Use scrapy in Python to obtain a list of 5043 movie titles of from "the-numbers" website. (code)
Save the titles into a JSON file
Search those titles from IMDB website to get the real IMDB movie links (code)
Send HTTP request to each movie page using the links, and scrapy the page and get all data (code)
Perform face detection for all posters to get face number (python code)
Parse the aggregated data, clean it, and reformat it to CSV file (python code).
The final CSV file can be found here.

Many important movie information were considered and scraped from IMDB website. For example, movie title, director name, cast list, genres, etc.

The scraping process took 2 hours to finish. The scraping of movie posters took a little longer than pure text data. In the end, I was able to obtain all needed variables for 5043 movies and 4096 posters. Overall, they span across 100 years in 66 countries. There are 2399 unique director names, and 30K actors/actresses.

The image below shows all the 28 variables that I scraped. Roughly speaking, half of the variables is directly related to movies themselves, such as title, year, duration, etc. Another half is related to the people who involved in the production of the movies, eg, director names, director facebook popularity, movie rating from critics, etc.

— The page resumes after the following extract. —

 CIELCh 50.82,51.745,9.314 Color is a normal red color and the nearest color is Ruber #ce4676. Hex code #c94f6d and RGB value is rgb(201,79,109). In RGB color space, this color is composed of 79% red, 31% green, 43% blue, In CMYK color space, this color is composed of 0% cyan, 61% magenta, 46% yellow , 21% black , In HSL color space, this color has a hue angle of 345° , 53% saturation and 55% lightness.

3 Face detection from movie posters

I am especially interested in knowing the answer to this question: Will the number of human faces in movie poster correlate with the movie rating?

Movie poster is an important way make public aware of the movie before its release. It is quite common to see faces in movie posters. It should be pointed out that, most movies have more than one posters. Some may argue it is unreliable to detect faces only from one poster. Well, it is indeed true. However, just like a great book usually having a single cover, I believe a great movie needs to have a "main" poster, the one that the director likes most, or long-remembered by viewers. I have no way to tell which posters are the "main" posters. I assume the poster that I webscraped from IMDB main page of a movie is the "main" poster.

Below are the movie posters from 8 great movies (IMDB rating scores are above 7.5). They all have only one human face.

Below are the the movie posters from 8 movies that are not so great in terms of IMDB rating score (below 5). They tend to have many faces.

It should be pointed out that, it is unfair to rate movie solely based on the number of human faces in poster, because there are great movies whose posters have many faces. For example, the poster of the movie "(500) Days of summer" has 43 faces, all from the same actress.

But remember that having large face number (> 10) in poster and simultaneously being a great movie is uncommon based on my findings.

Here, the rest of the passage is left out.